The NewGELU module implements the Gaussian Error Linear Unit (GELU) activation function.

How it works
The GELU activation applies a smooth, probabilistic gating to each input value, defined as:

0.5 * x * (1.0 + torch.tanh(math.sqrt(2.0 / math.pi) * (x + 0.044715 * torch.pow(x, 3.0))))

This approximation is computationally efficient and numerically stable, making it the standard choice in large-scale language models.

Functions:

Method Parameters Returns Description
forward x: Tensor Tensor Applies the GELU activation elementwise to input.

Input / Output

  • Input: Tensor of arbitrary shape.
  • Output: Tensor of the same shape, with each element transformed by the GELU function.

SelfAttention Class

The SelfAttention module implements multi-head masked self-attention with an output projection, as used in GPT-style Transformer blocks. It supports Flash Attention (via PyTorch’s scaled_dot_product_attention) when available, otherwise it falls back to a standard implementation with an explicit causal mask.
This ensures that tokens can only attend to previous positions (autoregressive setup), while providing an efficient fast path when running on modern PyTorch versions.

Constructor:

Attribute Type Description
config object Configuration object that must provide: n_embd, n_head, block_size, attn_pdrop, resid_pdrop, and dropout.

Key Config Fields

Field Type Description
n_embd int Embedding dimension (must be divisible by n_head).
n_head int Number of attention heads.
block_size int Maximum sequence length; used to create the causal mask in fallback mode.
attn_pdrop float Dropout rate applied to attention weights.
resid_pdrop float Dropout rate applied to the output projection.
dropout float Dropout probability used inside Flash Attention (training mode only).

Functions:

Method Parameters Returns Description
forward x: Tensor Tensor Applies multi-head masked self-attention to input (B, T, C), returns same shape.

Input / Output

  • Input: Tensor of shape (B, T, C)
    • B: batch size
    • T: sequence length (≤ block_size)
    • C: embedding dimension (n_embd)
  • Output: Tensor of shape (B, T, C) after attention and projection.
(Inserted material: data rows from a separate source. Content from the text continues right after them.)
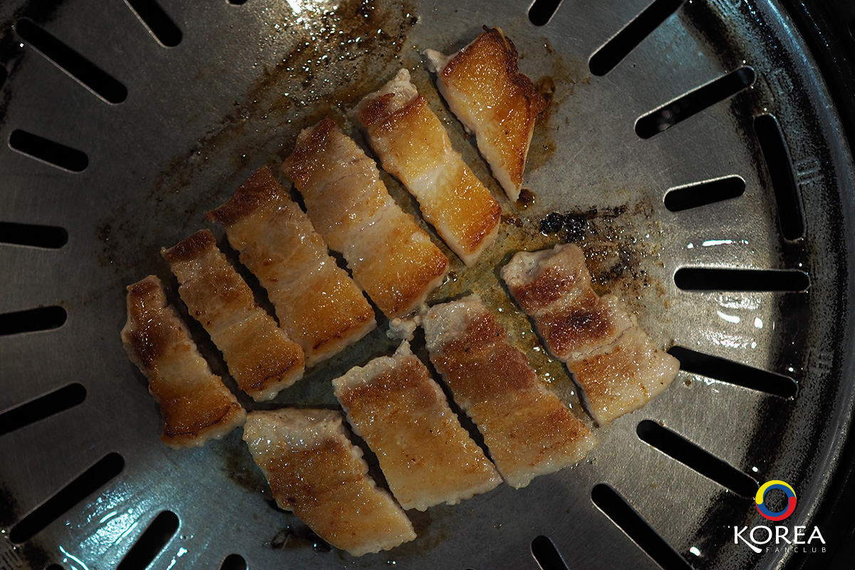ปิดท้ายมื้อด้วย หมูสามชั้นย่าง เน้นย่างแบบรีดไขมัน ตอนแรกใช้ไฟแรงๆ พอเริ่มสุก ผ่อนไฟ ค่อยๆ ให้ความร้อน ละลายไขมันไปเรื่อยๆ สุดท้ายจะได้ความกรุบกรอบนิดๆ
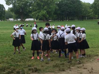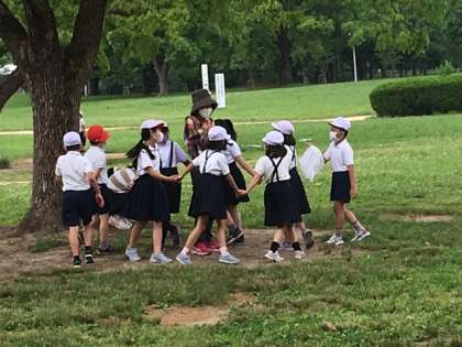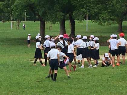 先生と子どもたちが遊んでいます。「にゃーにゃにゃ、にゃーにゃにゃ」と言いながら囲んでます。
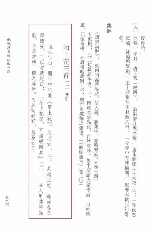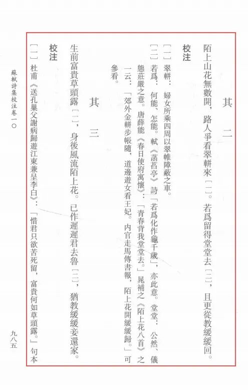 《苏轼全集校注》中有关《陌上花三首并引》的校注第二首诗着重写吴越王妃归临安时的场景:陌上山花无数开,路人争看翠軿来。若为留得堂堂去,且更从教缓缓回。第三首诗则借吴越王降宋史事抒写王朝兴衰。苏轼通过“草头露”“陌上花”等意象,隐喻富贵易逝、历史沧桑的主题。生前富贵草头露,身后风流陌上花。已作迟迟君去鲁,犹教缓缓妾还家。
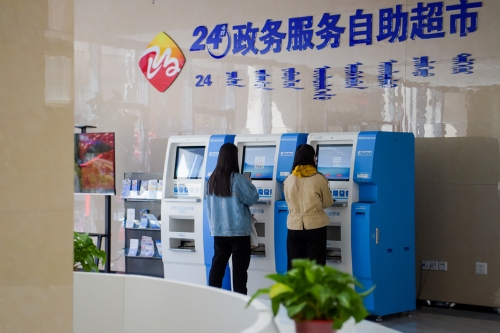 在内蒙古自治区呼和浩特市玉泉区政务服务中心的“24小时政务服务自助超市”,市民在自助办理发票业务(2022年4月2日摄)。新华社记者 李志鹏 摄
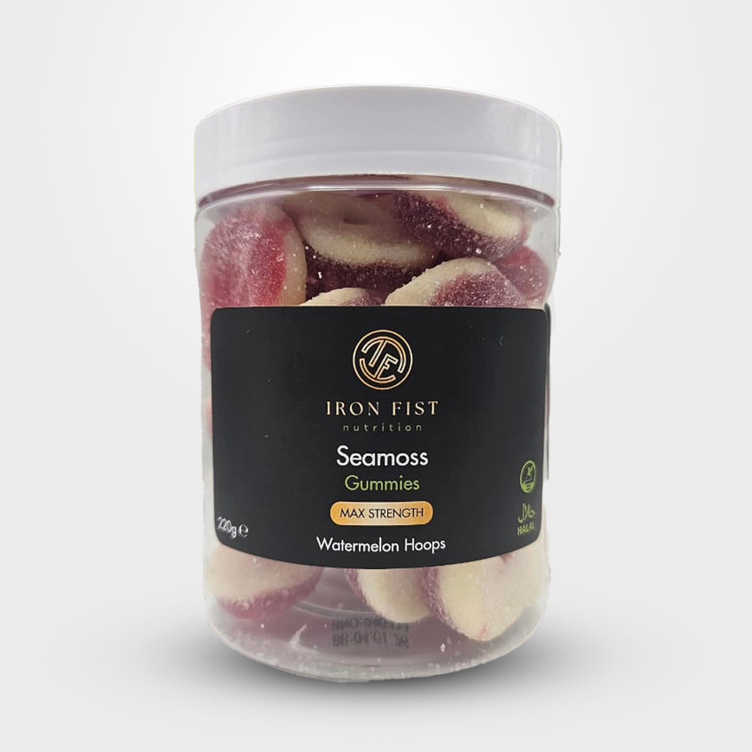 Our Watermelon Hoops Gummies are infused with high-quality seamoss extract and blended in for a delicious way to make one want more. Additionally, the velvety feel of the gummies comes from the beef gelatine, so every bite is just perfect. Further, glucose syrup and sugar do the job for the sweet tooth, while apple juice from concentrate lends it that tinge of fruitiness.
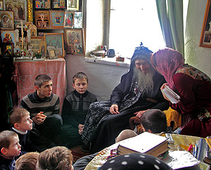 Входим в домик. Маленькие сенцы, куда попадаешь с улицы, кухня и комната – вот и вся площадь. Нас встречает келейница Раиса Михайловна: «Раздевайтесь, проходите, батюшка вас ждет». Детские глаза устремлены на батюшку, подходим под благословение. Кто-то из детей потом признался, что впервые брал благословение у схимника, до этой встречи «видел схимников только в кино и на картинках».

This module forms the core of the Transformer’s ability to model contextual dependencies, ensuring causal masking for autoregressive text generation.


Block Class

The Block module represents a single Transformer block as used in GPT-style models.
It combines multi-head masked self-attention with a position-wise feed-forward network (MLP), each wrapped in a residual connection and pre-activation Layer Normalization. This modular design allows stacking multiple blocks to build a deep Transformer.

Structure

  1. LayerNorm + SelfAttention

    • Input is normalized with LayerNorm before being passed to the SelfAttention module.
    • Residual connection: the attention output is added back to the input.
  2. LayerNorm + MLP

    • Another LayerNorm is applied before a feed-forward MLP:
      • Linear projection expands embeddings to 4× their size.
      • Non-linear activation (NewGELU).
      • Linear projection back to the embedding size.
      • Dropout for regularization.
    • Residual connection: MLP output is added to the input.
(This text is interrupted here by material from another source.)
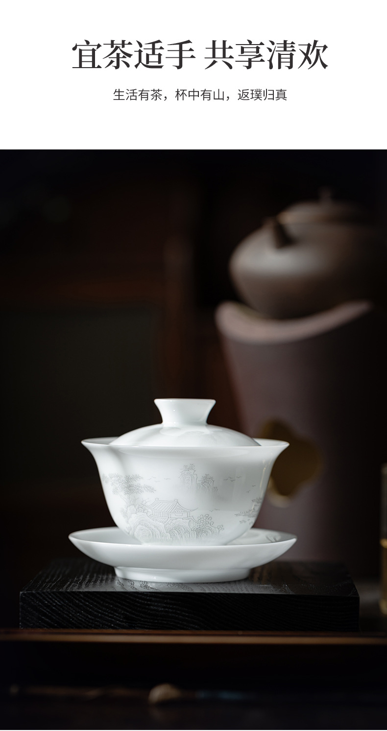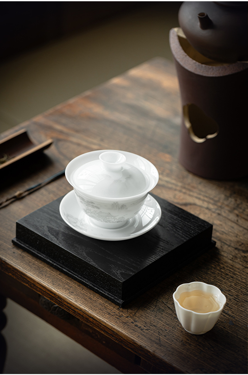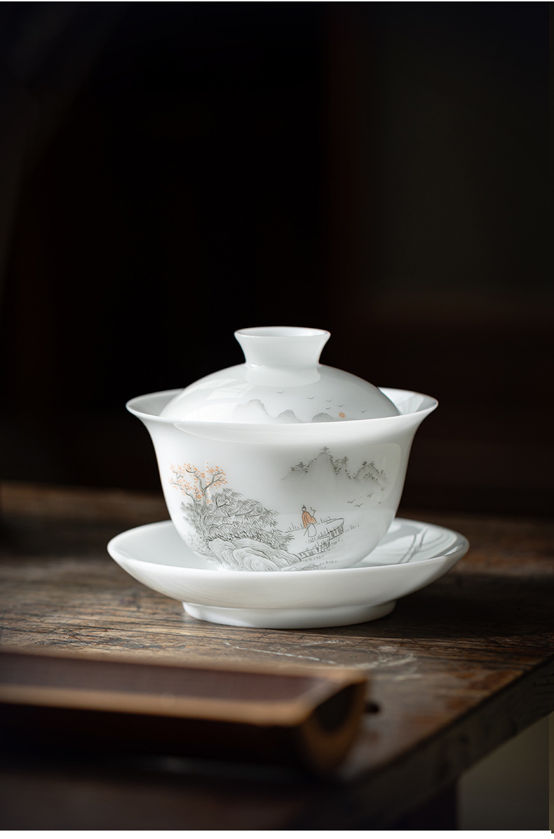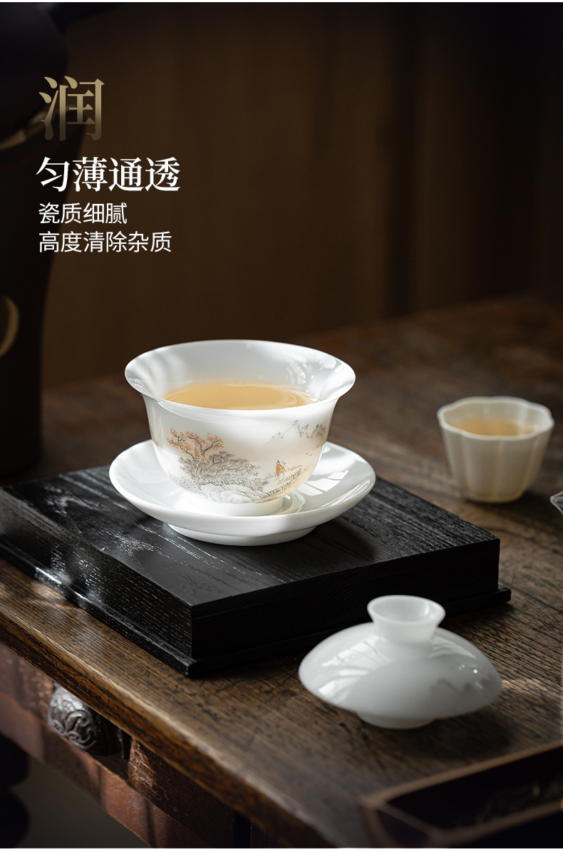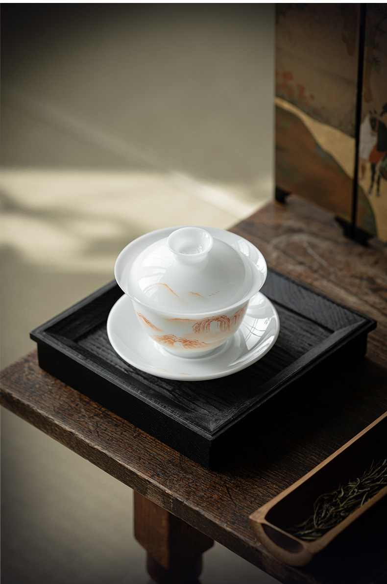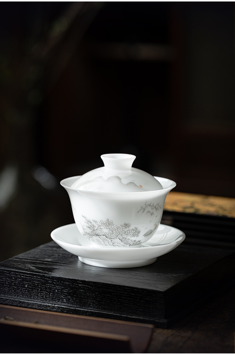 手绘粉彩三才盖碗单个不烫手高档冰种玉瓷泡茶碗陶瓷盖碗茶杯三才

This layout is known as pre-norm residual Transformer block.

Constructor:

Attribute Type Description
config object Configuration object with at least: n_embd (embedding size), resid_pdrop (dropout rate).

Functions:

Method Parameters Returns Description
forward x: Tensor Tensor Applies LayerNorm → SelfAttention (with residual) and LayerNorm → MLP (with residual).

Input / Output

  • Input: Tensor of shape (B, T, C)

    • B: batch size
    • T: sequence length
    • C: embedding dimension (n_embd)
  • Output: Tensor of shape (B, T, C) with contextualized embeddings, ready for the next block.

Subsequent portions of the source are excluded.